_Exercise aim_
Give back, word for word, only the lines from the opening of the records through the one with "11月18日下午,福建开放大". Pictures stay out.

_The data_
============================================================

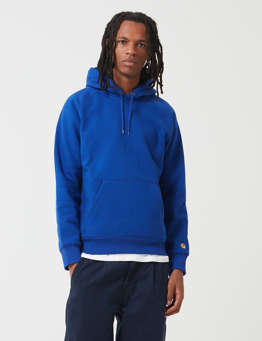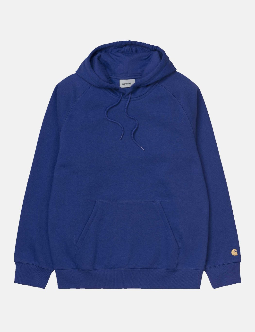 The Carhartt Work In Progress Chase Hooded Sweatshirt in Thunder Blue with Gold embroidery from the Carhartt Chase sweatshirt range.
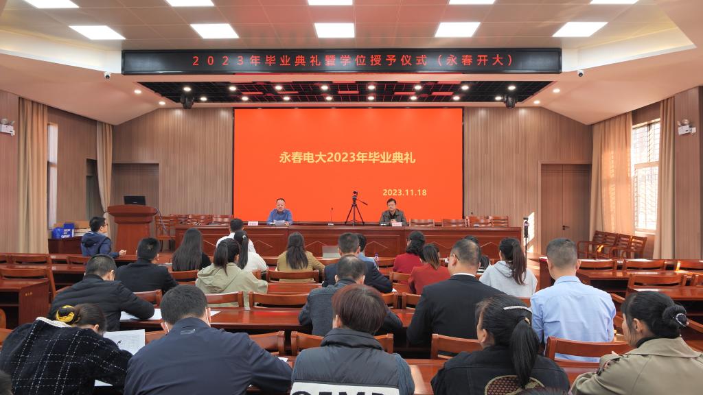 11月18日下午,福建开放大学举办2023年毕业典礼,福建开放大学永春学院在永春县教育中心六楼会议室设立分会场收看直播,并在分会场举办永春学院2023年毕业典礼。永春县教育局三级调研员李锦江出席活动,2023年毕业生代表和学院全体教职工参加。
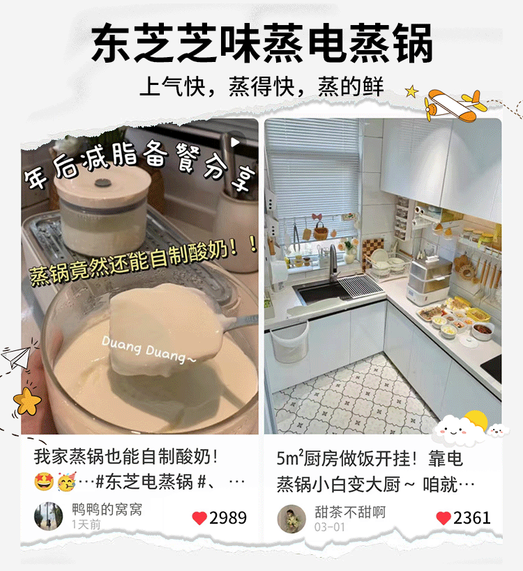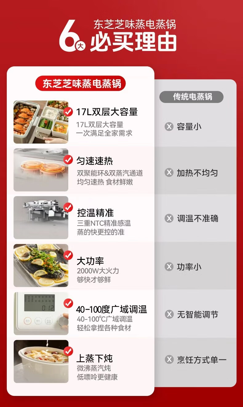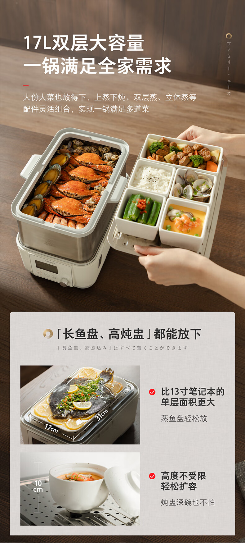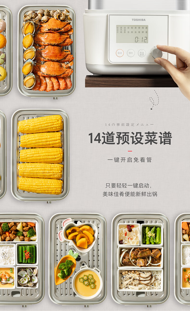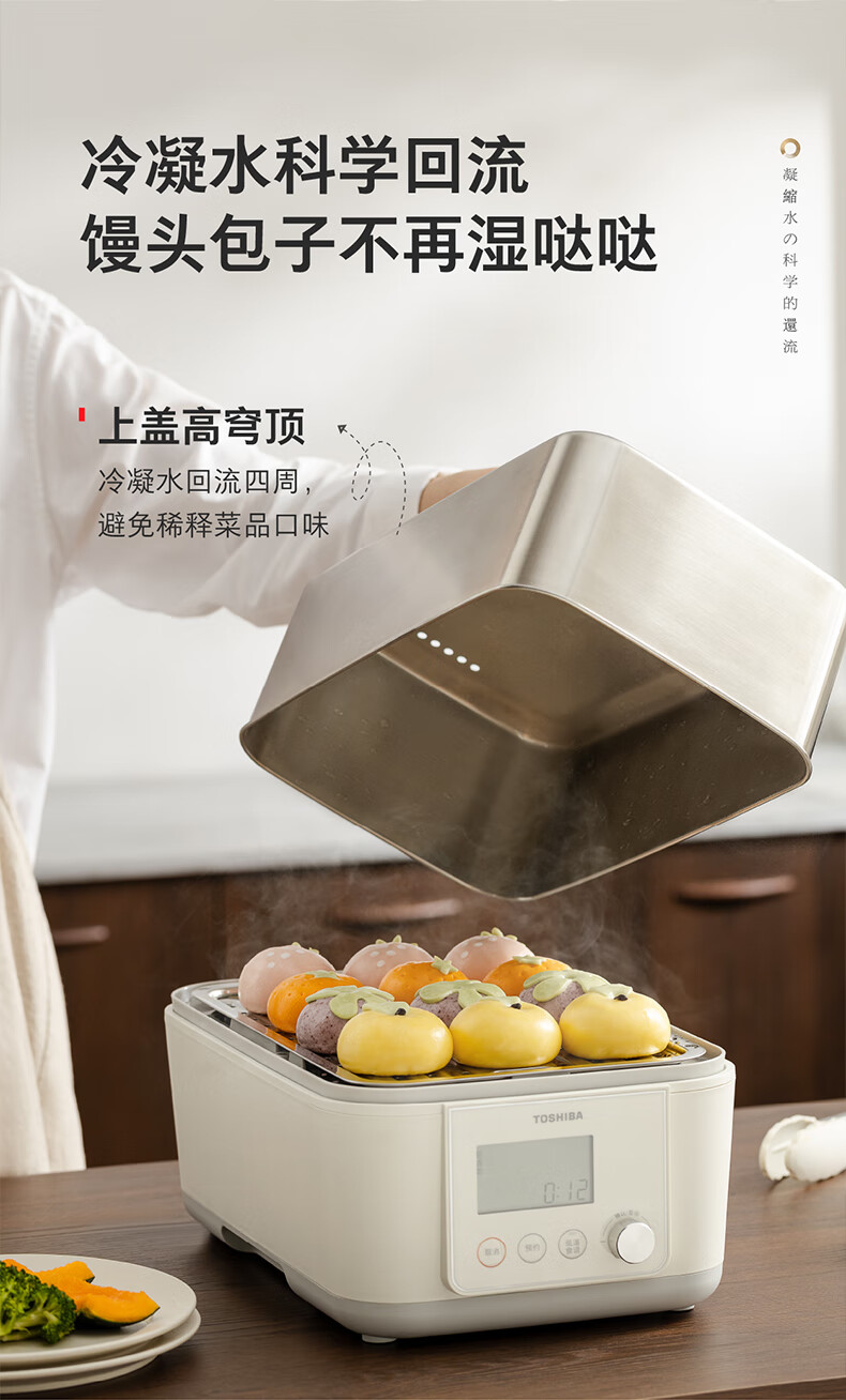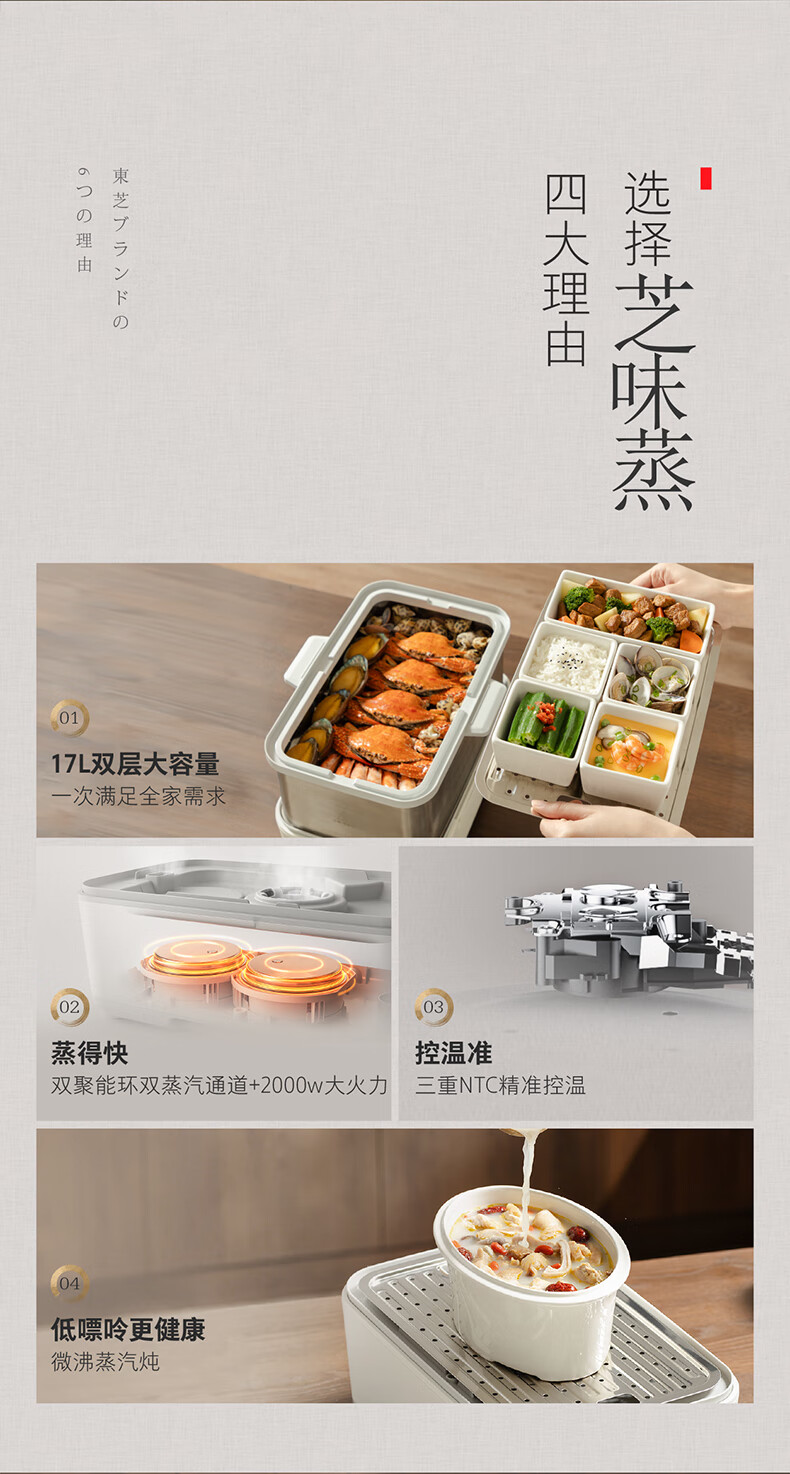 东芝芝味蒸电蒸锅双层大容量电蒸锅不锈钢蒸汽锅定时保温炖蒸煮一体多功能锅 ES-20MSTC 17L 电蒸锅
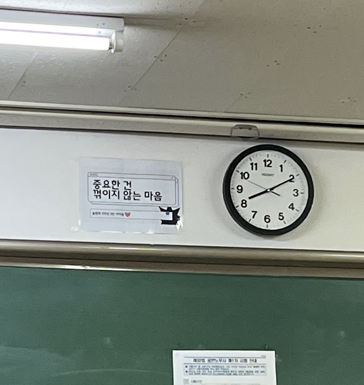이런 시험을 볼 때마다 중학교를 가게되는데 늘 기분이 이상하다. 어렸을 때 익숙하게 보던 그런 교실이며 복도며 향수에 졌어든다. 시험장에 들어서니, 이게 뭔가. 급훈마저 이렇게 멋있을 일이냐고.
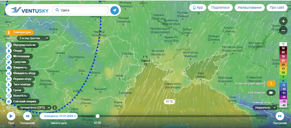 В Одессе, несмотря на зиму, по-весеннему до +7. Осадков также не предполагается. Влажность воздуха будет составлять 90 процентов.
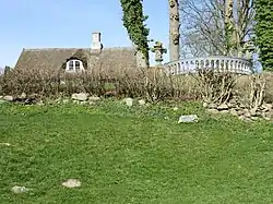 The garden was redesigned by Professor Christian Elling and his wife, the sculptor Gertrud Sadolin Elling, during their ownership in the 1960s. It includes a balustrade lined with elm trees and stone vases from the demolished Hirschholm Palace in Hørsholm.[1]
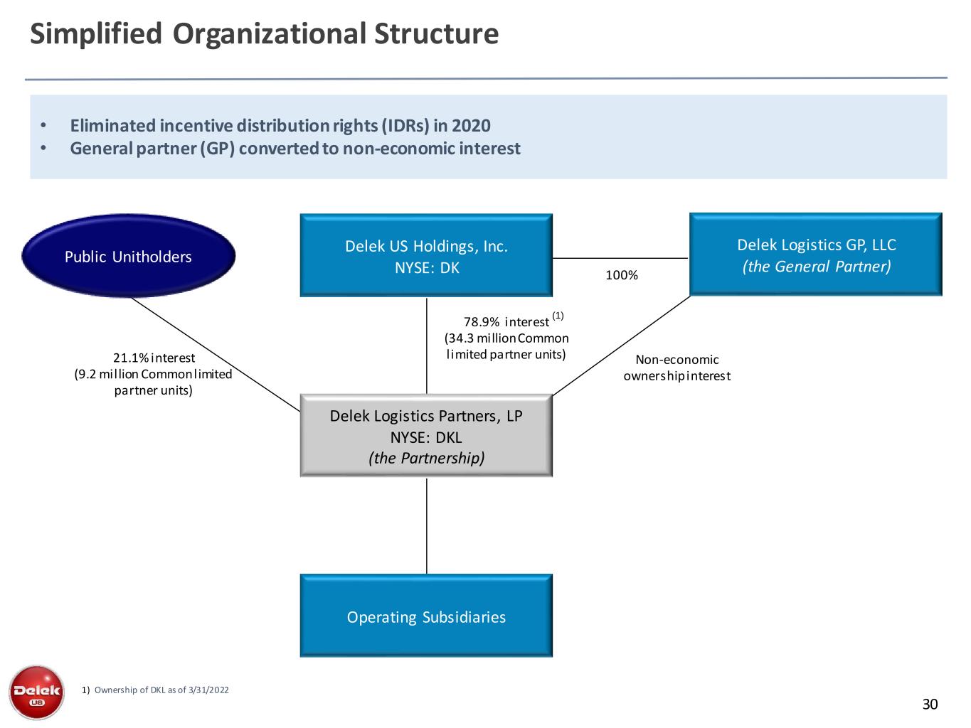 30 Simplified Organizational Structure 21.1% interest (9.2 million Common limited partner units) 100% Delek Logistics Partners, LP NYSE: DKL (the Partnership) Public Unitholders Operating Subsidiaries 78.9% interest (34.3 million Common l imited partner units) Delek Logistics GP, LLC (the General Partner) Delek US Holdings, Inc. NYSE: DK • Eliminated incentive distribution rights (IDRs) in 2020 • General partner (GP) converted to non-economic interest Non-economic ownership interest 1) Ownership of DKL as of 3/31/2022 (1)
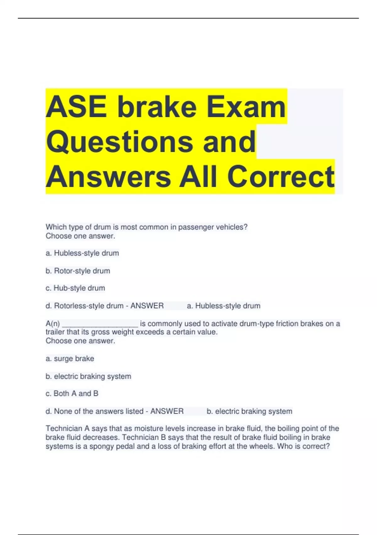ASE A5 – Brakes Exam Questions and Correct Answers 2 Exam (elaborations) ASE S4 Brakes Exam Questions with All Correct Answers 3 Exam (elaborations) ASE A5 Brakes Exam Questions and Answers All Correct 4 Exam (elaborations) ASE Brakes Practice Test Questions and Correct Answers 5 Exam (elaborations) Brakes ASE Test Questions and Answers All Cor
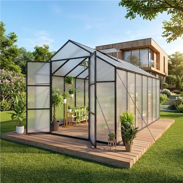 Hozzon létre saját termesztőterületet a kertjében, és biztosítson a növényeknek egész évben stabil körülményeket. Ez a tágas üvegház a szilárd alumínium váz és a kiváló minőségű polikarbonát panelek kombinációját kínálja, amelyek optimális fényáteresztést, UV-védelmet és kiváló hőszigetelést biztosítanak.
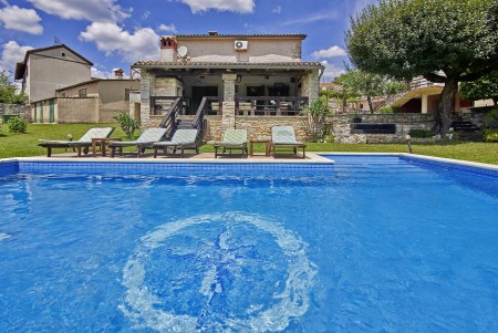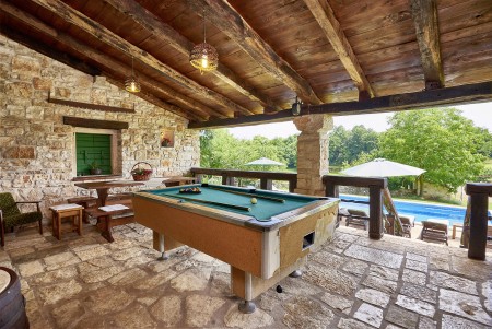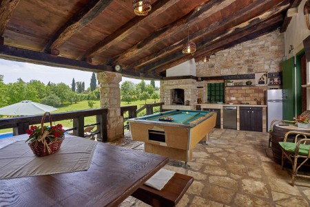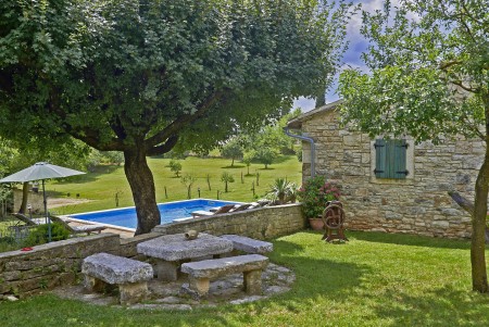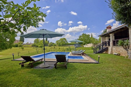 Das freistehende, urige istrianische Häuschen teilt den riesigen Garten mit dem Haus Ihrer Gastgeber, Ihre Privatsphäre wird durch die große Loggia im hinteren Teil des Hauses geschützt. Das große Grundstück bietet die besten Voraussetzungen zum Entspannen, Sonnenbaden und für sportliche Aktivitäten im Freien. Neben einem Sandplatz für Volleyball und einem Badminton-Feld stehen Ihnen Billard und Tischtennis zur Verfügung. Darüber hinaus dürfen Sie sich auf die Vorzüge eines privaten Swimmingpools (8 x 4 m) mit Sonnenliegen und Außendusche freuen. Während Sie hier Ihren privaten Rückzugsort genießen, sind die zahlreichen Strände von Poreč und die lebhafte Altstadt in nur 15 Autominuten zu erreichen. Restaurant und Einkaufsmöglichkeit befinden sich in fußläufiger Entfernung.
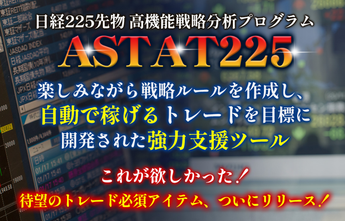 「ASTAT225」は、日経225先物の自動売買ができるサービス「オートレ225」の使用を前提として開発された、システムトレード強力支援ツールです。
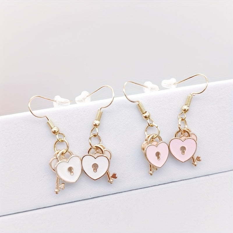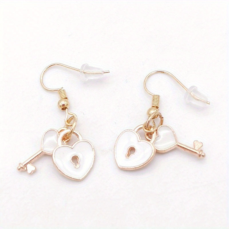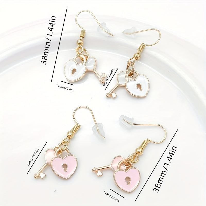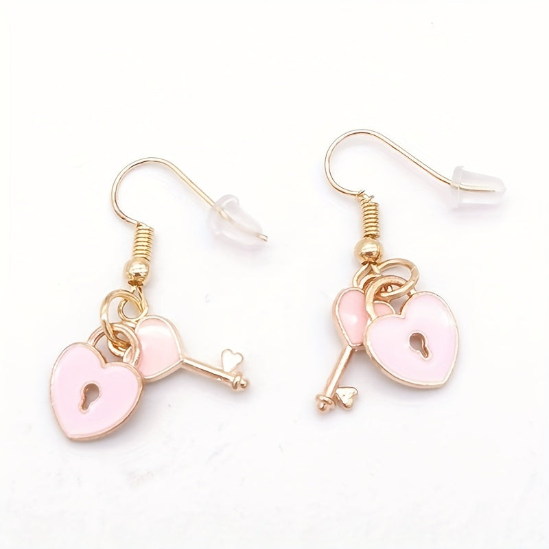 Adorn your ears with these unique heart and key shaped earrings. Made from alloy, they feature a funky drip oil design that adds a touch of style to any outfit.
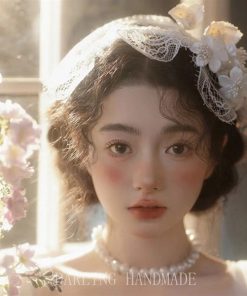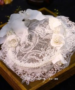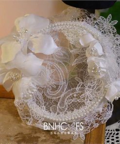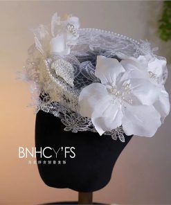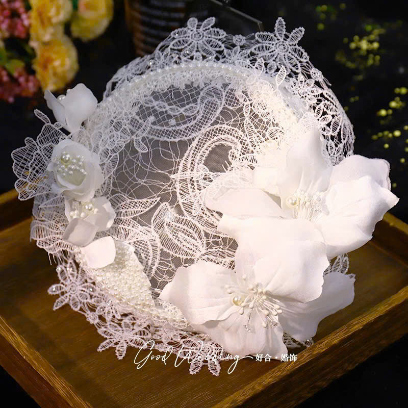 Mũ Ren Trắng Đính Hoa Phong Cách Retro –
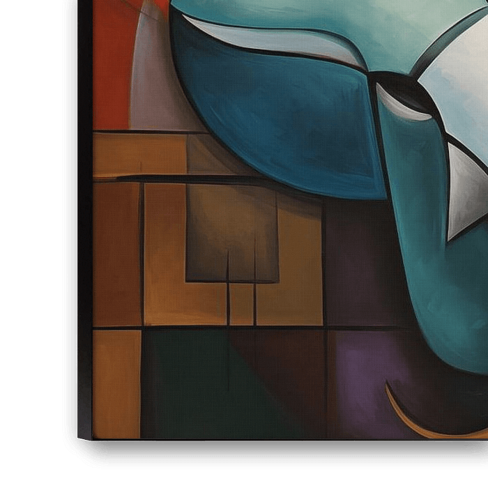 Geef je ruimte een moderne upgrade met dit abstracte olifanten kubisme schilderij en geniet van de levendige kleuren en unieke stijl die het met zich meebrengt.
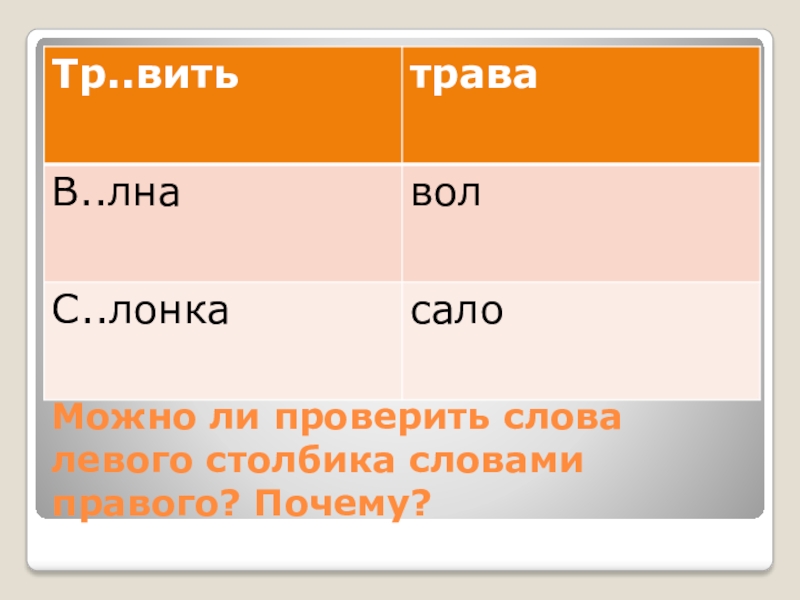 Слайд 2Можно ли проверить слова левого столбика словами правого? Почему?
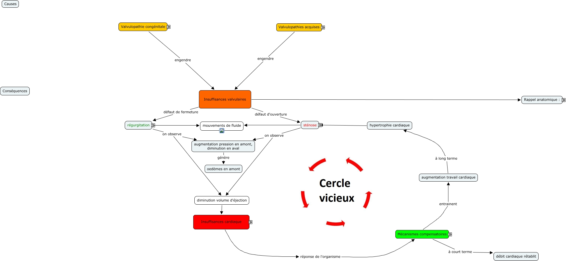 Cette carte de concepts créée avec IHMC CmapTools traite de: Insuffisance valvulaire 3, Causes intrinsèques soit alimentation, angiotensine 1 clivé par enzyme de conversion angiotensine 2, Valve Mitral Ventricule Gauche, augmentation pression OG augmentation pression pulmonaire, angiotensine 2 entraine sécrétion de aldostérone, Causes intrinsèques soit manque d'activité physique, Strucutre du coeur Septum cardiaque, régurgitation mouvements de fluide, cellules pacemaker effet bathmotrope +, Insuffisances cardiaque réponse de l'organisme Mécanismes compensatoires, besoins physiologiques consommation nutriments, besoins physiologiques consommation oxygène, Valve Tricupside Ventricule droit, Rappel Anatomique : Sac pericardique :, Strucutre du coeur Quatre cavités :, Insuffisances valvulaires défaut d'ouverture sténose, Rappel Anatomique : Strucutre du coeur, diminution volume d'éjection Insuffisances cardiaque, augmentation travail VG hypertrophie VG, cellules pacemaker effet dromotrope +
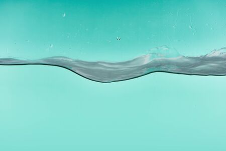 wavy transparent water on turquoise background with leaking drops

============================================================

_Response_
 The Carhartt Work In Progress Chase Hooded Sweatshirt in Thunder Blue with Gold embroidery from the Carhartt Chase sweatshirt range.
 11月18日下午,福建开放大学举办2023年毕业典礼,福建开放大学永春学院在永春县教育中心六楼会议室设立分会场收看直播,并在分会场举办永春学院2023年毕业典礼。永春县教育局三级调研员李锦江出席活动,2023年毕业生代表和学院全体教职工参加。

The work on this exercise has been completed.